If the content and the audience for public intellectualism has changed, so too has the medium. It’s practically cliché to note that the slow, meditative form of the book has been replaced by the short, rapid-response media of tweets and blog posts. Magazine articles qualify as “long form” analysis. Silver’s primary outlet is his blog, but he also offers immediate reactions to breaking events by Twitter and more extensive analyses in media like the New York Times Magazine.

Silver's up-to-the-minute predictions draw in readers hungry for information.

Silver’s up-to-the-minute predictions draw in readers hungry for information.

Silver exemplifies this form of web-based, technocratic, public intellectualism. He’s often called a “genius” for his ability to find clever ways to inform public debates with some nifty bit of data analysis. But, as Malcolm Gladwell tells us in Outliers, the term “genius” begs suspicion. Being smart is necessary, but not sufficient. Gladwell offers the example of Bill Gates, who achieved his fortune in part because of intelligence and passion, but also because of a series of highly unusual opportunities. Gates was born into a privileged background that allowed him access to 10,000 hours with computers at precisely the right moment in time.

The same is true for Silver. Born in 1978, Silver attended the University of Chicago in the late 1990s, a huge growth period for advanced statistics (remember, this is when fast, powerful, but compact computers had become publicly available). As a post-grad, he was at the perfect age to be among the vanguard of bloggers. Finally, he benefited from a historically rare level of public interest in the 2008 Presidential election. Silver may have been the first to post Stata output on the New York Times’ web site, but if he hadn’t, someone else surely would have.

Make no mistake, Silver is a very smart guy with a nose for useful data. My point is that he represents a mode of intellectualism that has resulted from major changes in the content, medium, and audience for political analysis. Had Edward R. Murrow turned 30 in 2008, he, too, might have tweeted about predictive models.

Blogger Sociology

Statistics are a tool. Statistical analysis has, for example, led to the creation of new financial instruments on Wall Street and more hi-tech methods of crime detection in police departments around the country. Still, there’s much to bemoan about their immense influence in society, from their role in creating the exotic investments that led to the 2008 banking crisis to their potential to paint reductionist portraits of complex social circumstances. So, as we wouldn’t despise the pencil, only the contemptible writer who put it to paper, there’s nothing inherently wrong with statistical analysis. In Silver’s case, his evenhanded use of statistics has nearly always enriched public debates with new sociological insights. At his best, Silver has the publishing speed and readability of journalism with the systematic evidence and complexity of academics. Silver’s style indisputably reflects this freedom and great inventiveness in conjuring cleverly framed questions and elegant designs to answer them. His ethos might be: get an idea and a scrap of data. Publish the results in easily digested bites.

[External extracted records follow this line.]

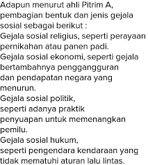 Sebagaimana definisi sosiologi menurut Pitirim A. Semoga melalaui tulisan ini bisa memberikan wawasan dan meningkatkan ilmu pengetahuan bagi segenap pembaca yang pada saat ini membutuhkan materi. Ekonomi Tingkat pendapatan berbeda yang dimiliki oleh tiap individu dapat mengakibatkan gejala sosial dalam masyarakat. Pengertian Gejala Sosial dan Contohnya Gejala sosial merupakan masalah sosial yang mempengaruhi dan di pengaruhi oleh perilaku manusia di dalam lingkungan kehidupannya.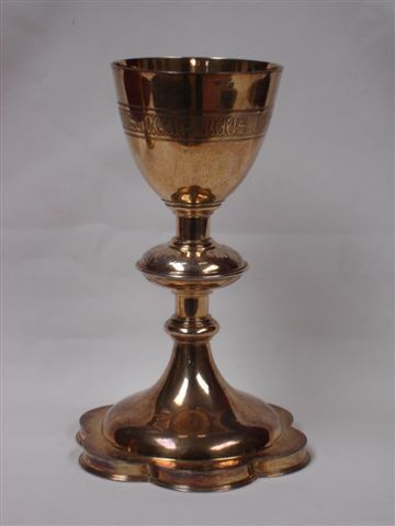 CALICE en vermeil à décor de fleurs et feuillage stylisés. Inscription latine sur la timbale "Hia est enim sancuis meus novi testamenti". Marque orfèvre "A. CHERTIER Paris". Poinçon Minerve. Poids 305 g. Haut. 21,5 cm.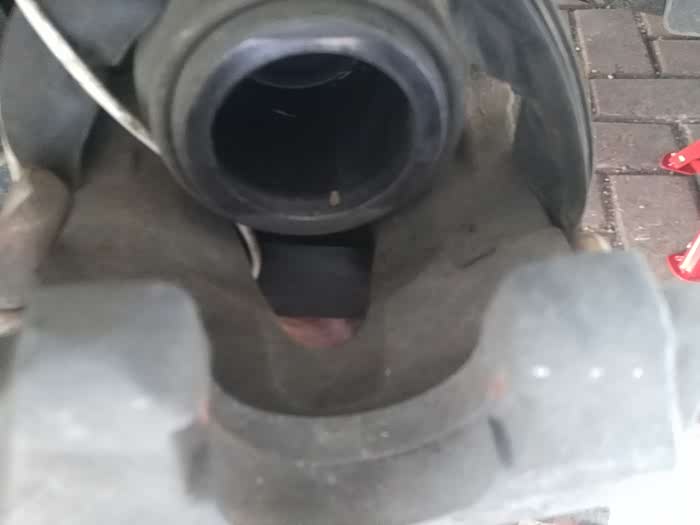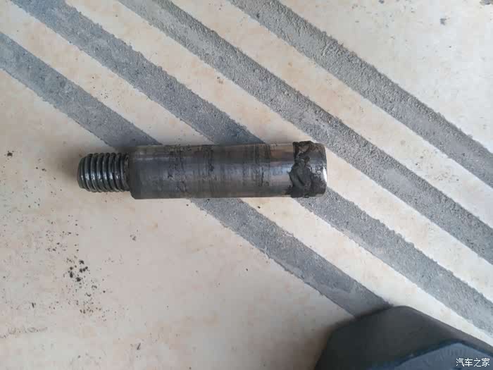 导向销(中间那个)是带帽子的,我想把它扯下来,怎么也扯不动,如用工具拉,肯定废了。最后决定不动它,看里面的螺丝是怎么样的。我的怎么看不见螺丝头,究竟什么螺丝都不知道,只能看见发亮杆身。记得人家的是螺丝外露,胶套在中间。只好用手摸,和拍照看,拍了几次也看不清楚。最后头伸进去看,大概可以看见是六角螺母或者星型螺丝,这时安全支架作用可大了,万一千斤顶掉了,小命就没了,上有老 下有小啊。

Unlike academics, Silver is unburdened by the constraining forces of peer review, turgid and esoteric disciplinary jargon, and the unwieldy format of academic manuscripts. He need not kowtow to past literature, offer exacting descriptions of his methods, or explain in tedious detail how his findings contribute to existing theory. The check on Silver’s methods is, instead, his visibility. All his posts are immediately scrutinized by highly educated readers. In 2011, he began to acknowledge and often address these critiques in a regular post called “Reads and Reactions.”

Unlike conventional journalists, he is not constrained by the “objectivity norm” or journalistic style. While most J-schools insist budding reporters keep themselves out of the story, one of the great pleasures of Silver’s work is his original analysis and perspective. Unafraid to admit political opinions, he establishes credibility with his commitment to empirical evidence. As a blogger, he can write his own style guide.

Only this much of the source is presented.